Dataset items

----------------

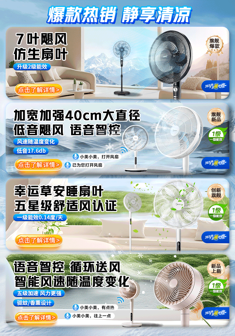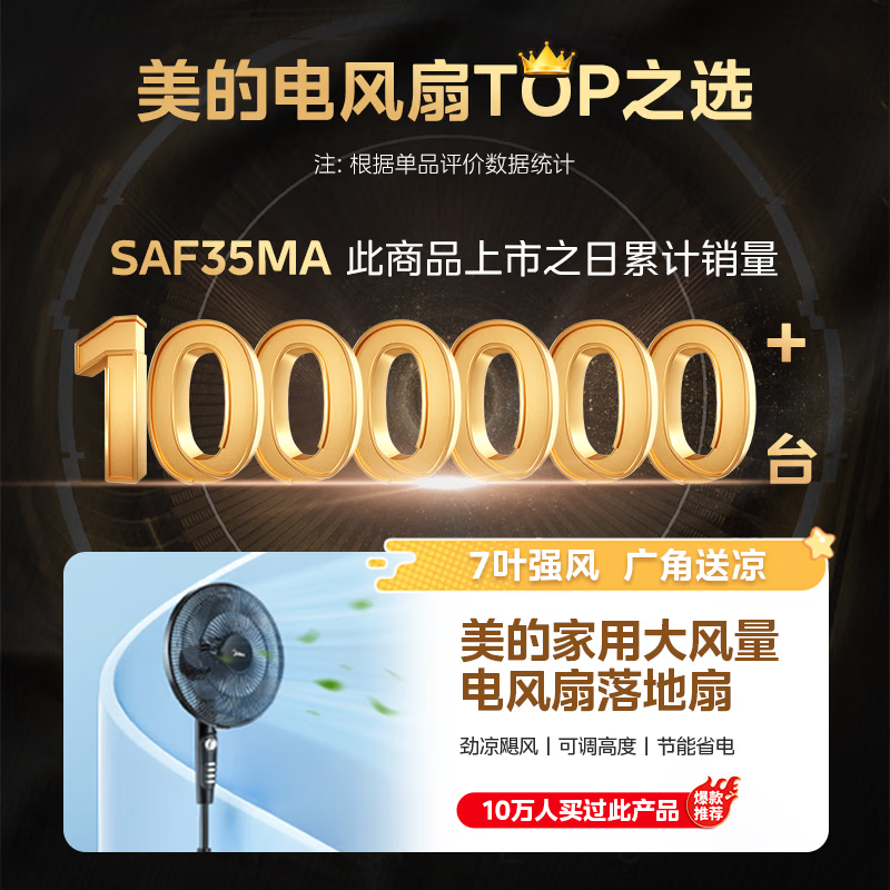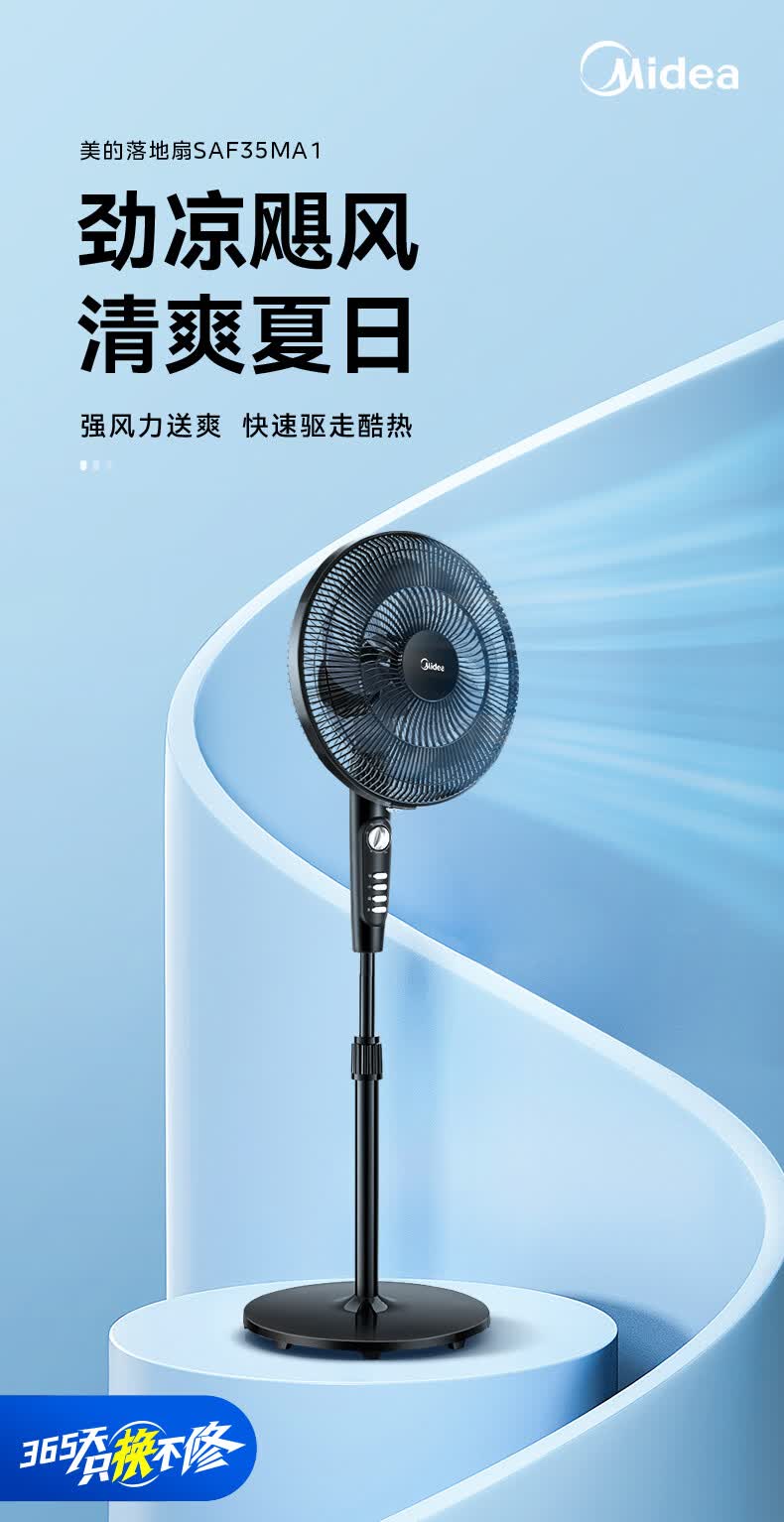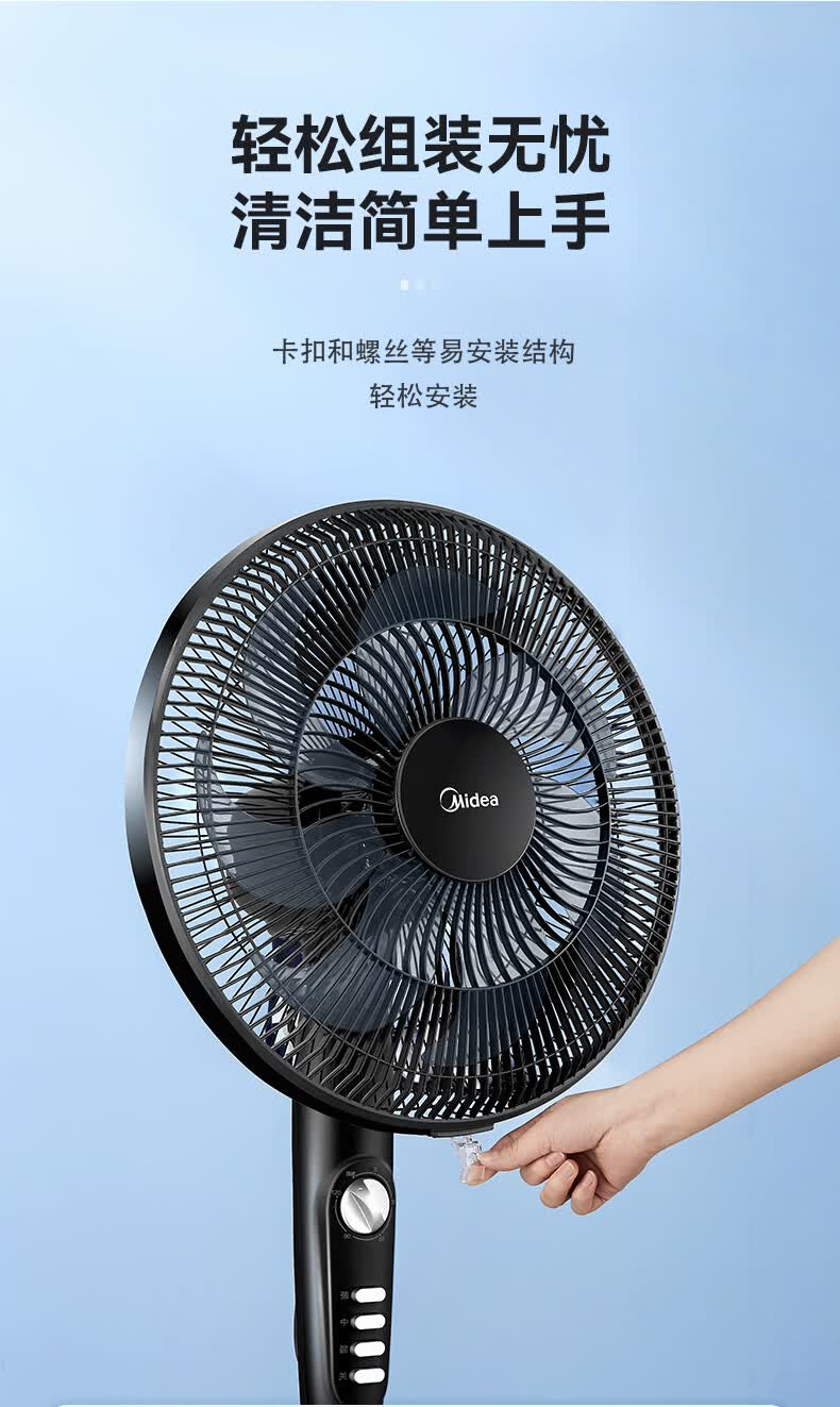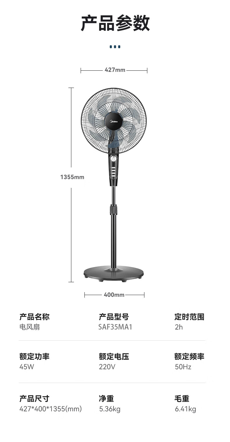 美的(Midea)电风扇家用大风力落地扇 高度可调远距离强劲风力 卧室客厅定时轻音节能风扇 户外循环摇头送凉风 【升级二级能效】35cm扇叶
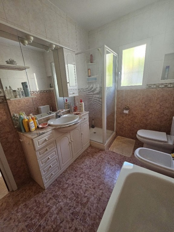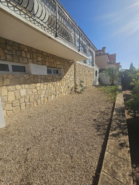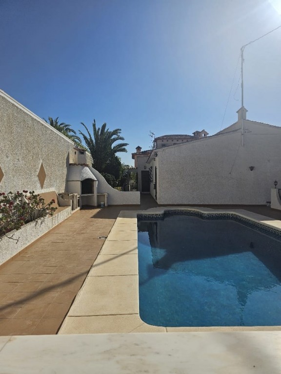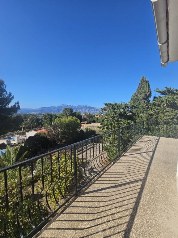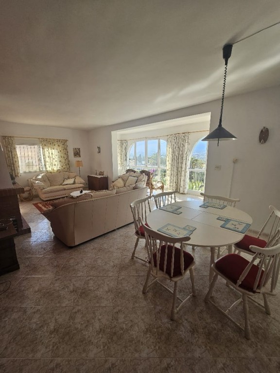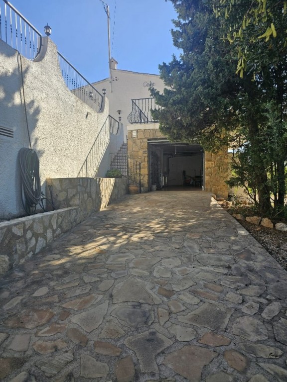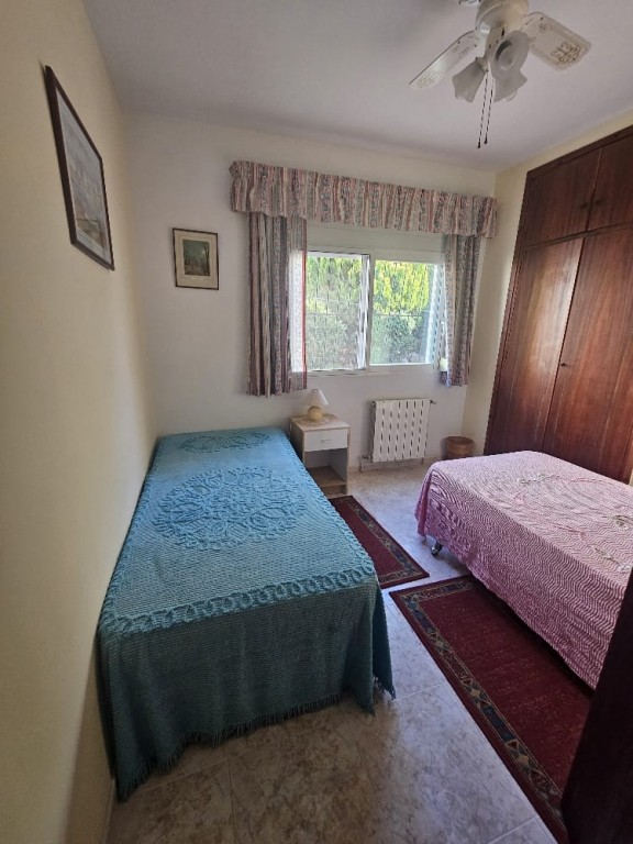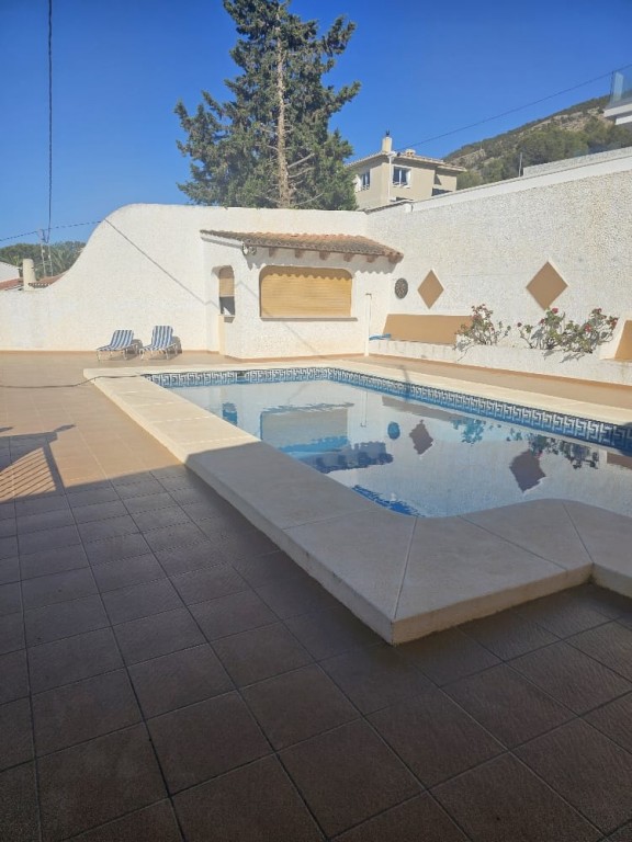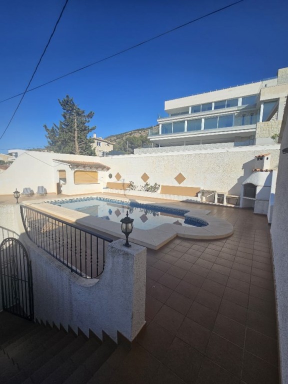 This peaceful property offers 5 bedrooms, 3 bathrooms, a separate kitchen, and a spacious living room with a fireplace, and direct access to a terrace with beautiful sea-, and mountain views. It features a private swimming pool, barbecue area, and a nice garden, with fully privacy. Gas heating. Located on a quiet cul-de-sac, with no traffic. The property requires some cosmetic renovation. Approximately 1.2 km from the town center. Close to the prestigious SHA Wellness Clinic in ALBIR.
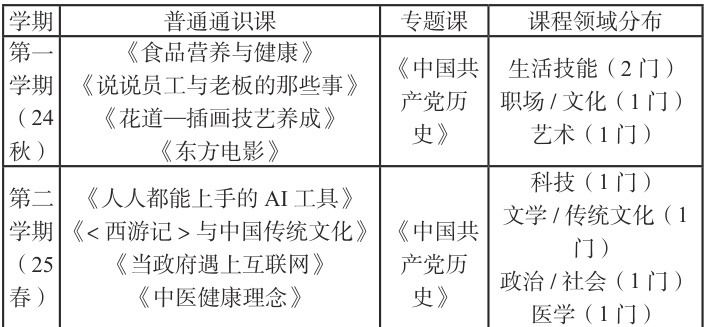 西财天府学院德阳校区 2024 年秋季学期与 2025 年春季学期均分别开设 5 门尔雅通识课程,包括 4 门普通课程与 1 门专题课程(详见表 1)。关于选课,首先发布尔雅通识课选课公告,其次通过电话、面对面、辅导员等途径答疑;最后在工作群中向辅导员转发选课相关须知。
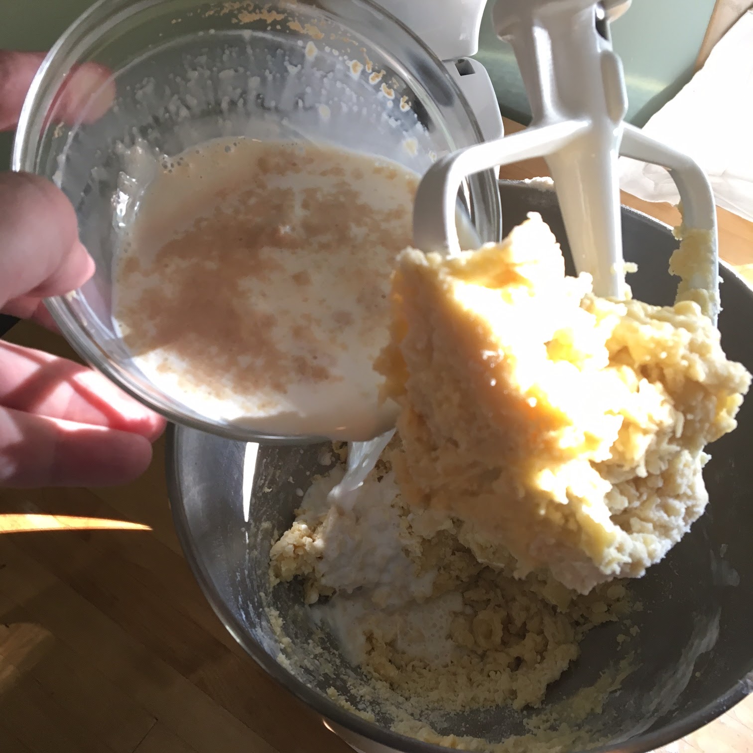 In the meantime, I'd melted butter and added that to egg and sugar and sour cream in the mixer.
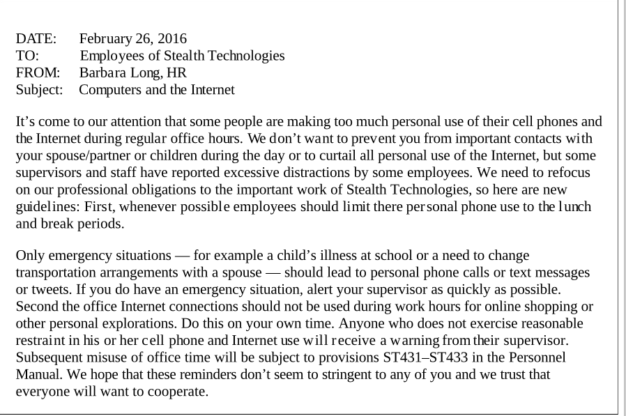 Scenario: You are one of the supervisors cited in the email, who is disturbed by excessive personal cell phone use during work hours but who is also disturbed by the poorly crafted email sent to employees. You have decided to write the email for Barbara Long to show her how a more visually attractive, concise, and persuasive email is written.
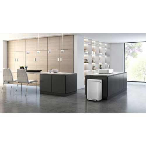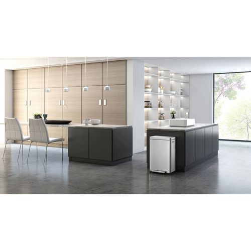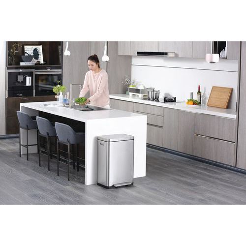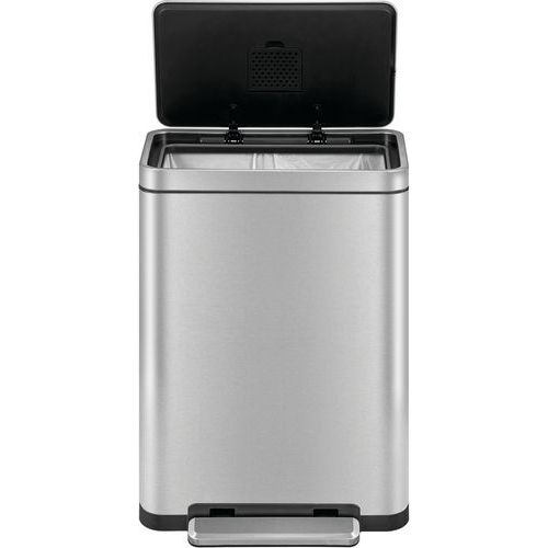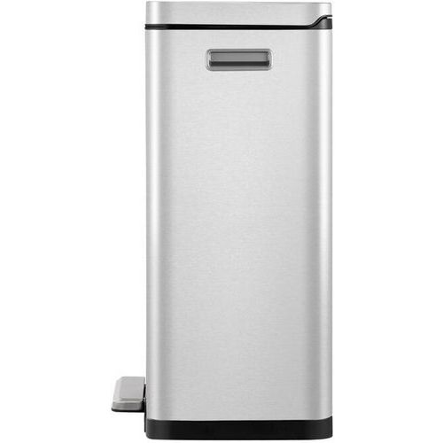 - Elegantný obdĺžnikový odpadkový kôš s extra širokým pedálom, plastovou vložkou, tichým zatváraním veka a funkciou stay-open.
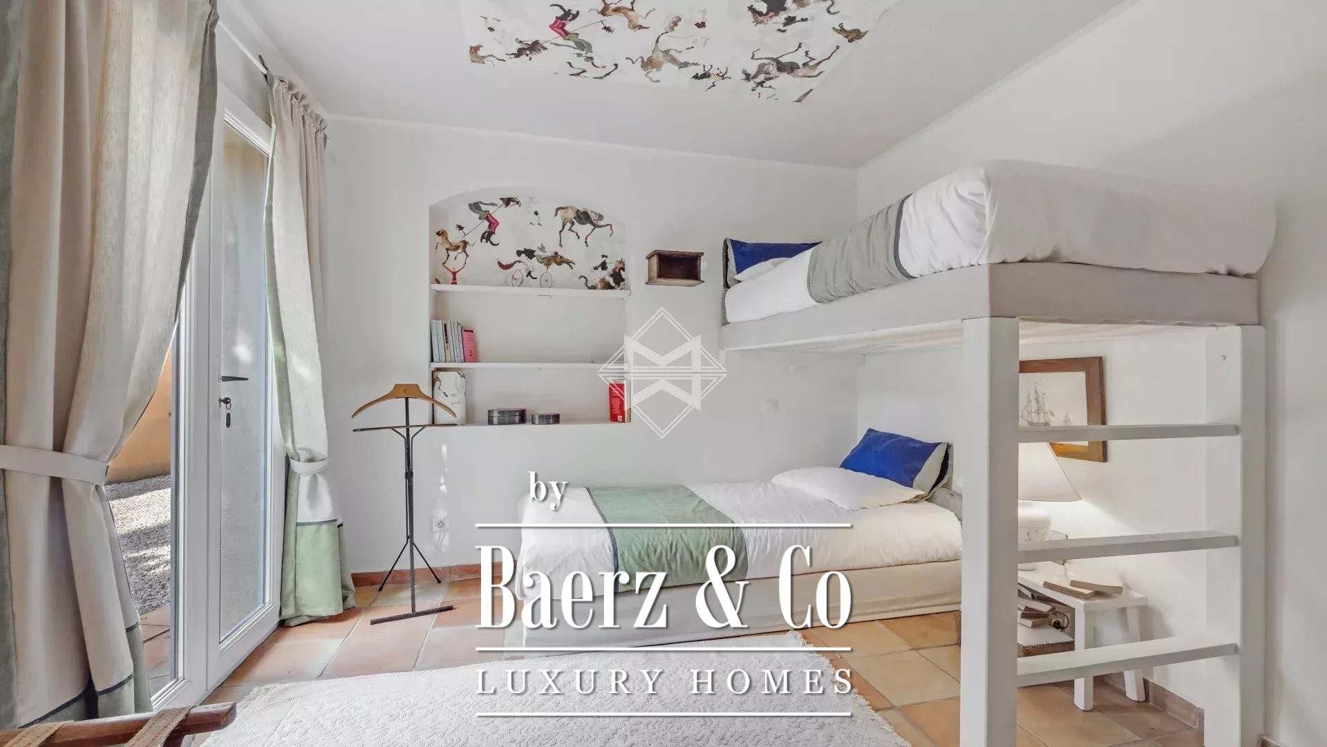 Nestled on a beautifully landscaped plot of over one hectare, adorned with olive and century-old oak trees, the property is completed by a heated swimming pool, perfect for year-round relaxation.
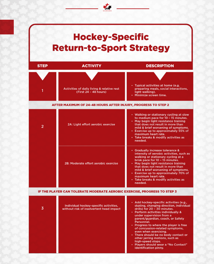 No member of the hockey community in Alberta - including coaches, safety personnel, and parents/guardians - is to pressure any participant to return to play until they have completed the 6 step Hockey-Specific return to play strategy and is medically cleared by a physician.
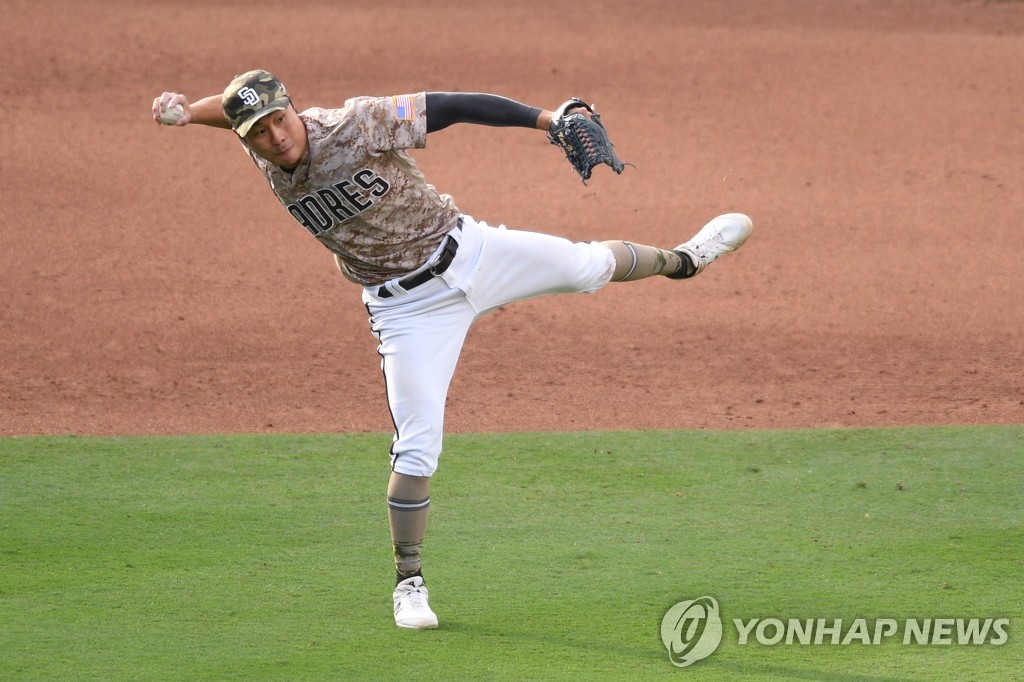 ▲ In this USA Today Sports photo via Reuters, San Diego Padres shortstop Kim Ha-seong makes a throw to first base during the top of the sixth inning of a Major League Baseball regular season game against the St. Louis Cardinals at Petco Park in San Diego on May 16, 2021. (Yonhap)

----------------

# Problem details
Without any pictures, reproduce exactly the lines from the line that contains "Nestled on a" to the end of the entries above, both ends included.

# Your solution
 Nestled on a beautifully landscaped plot of over one hectare, adorned with olive and century-old oak trees, the property is completed by a heated swimming pool, perfect for year-round relaxation.
 No member of the hockey community in Alberta - including coaches, safety personnel, and parents/guardians - is to pressure any participant to return to play until they have completed the 6 step Hockey-Specific return to play strategy and is medically cleared by a physician.
 ▲ In this USA Today Sports photo via Reuters, San Diego Padres shortstop Kim Ha-seong makes a throw to first base during the top of the sixth inning of a Major League Baseball regular season game against the St. Louis Cardinals at Petco Park in San Diego on May 16, 2021. (Yonhap)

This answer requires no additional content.